FIG. 6 is a characteristic diagram of radio wave leakage with and without a radio wave absorber for the gap between the main body and the door in the radio wave sealing device.

FIG. 7 is a sectional view of a main part of a microwave oven equipped with a conventional radio wave sealing device.

FIG. 8 is an enlarged cross-sectional view of the main part of the radio wave sealing device.

FIG. 9A is a cross-sectional view of a main part of another conventional radio wave sealing device, and FIG. 9B is a perspective view of a main part of the same radio wave sealing device.

FIG. 10 is a sectional view of a main part of another conventional radio wave sealing device.

[Explanation of symbols]

 1 main body 2 door 3 concave groove 4 wall surface 5 slit portion 6 radio wave absorber 7 edge portion

Claims (1)

[Claims] 1. A radio wave sealing device for high-frequency equipment, comprising: a main body of a conductor material into which radio waves are supplied and having an opening; and a door of a conductor material that covers the opening so as to be openable and closable.
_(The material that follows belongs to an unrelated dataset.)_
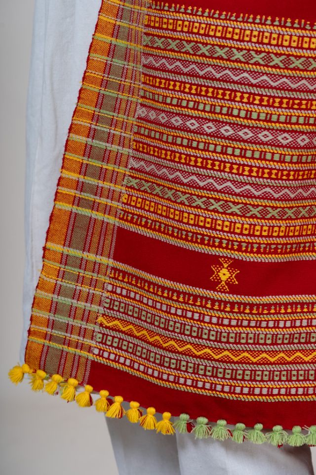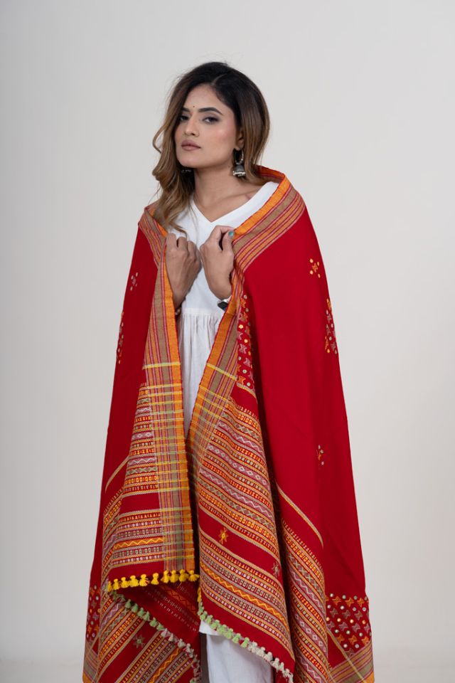 This red shawl has intricate mirror embroidery in the corners with scattered buttas on the body, creating a visually appealing design. Ideal for festive and ethnic wear. Crafted from premium wool.

Is provided in at least one of the portions facing each other, and a plurality of slits is provided in at least one wall surface of the concave groove, and the upper part of the outer wall surface of the concave groove is parallel to the upper surface of the upper part of the inner wall surface and its height is higher. A radio wave sealing device, wherein an edge portion lower than the height is provided, and an electric wave absorber that covers the concave groove and the edge portion is provided.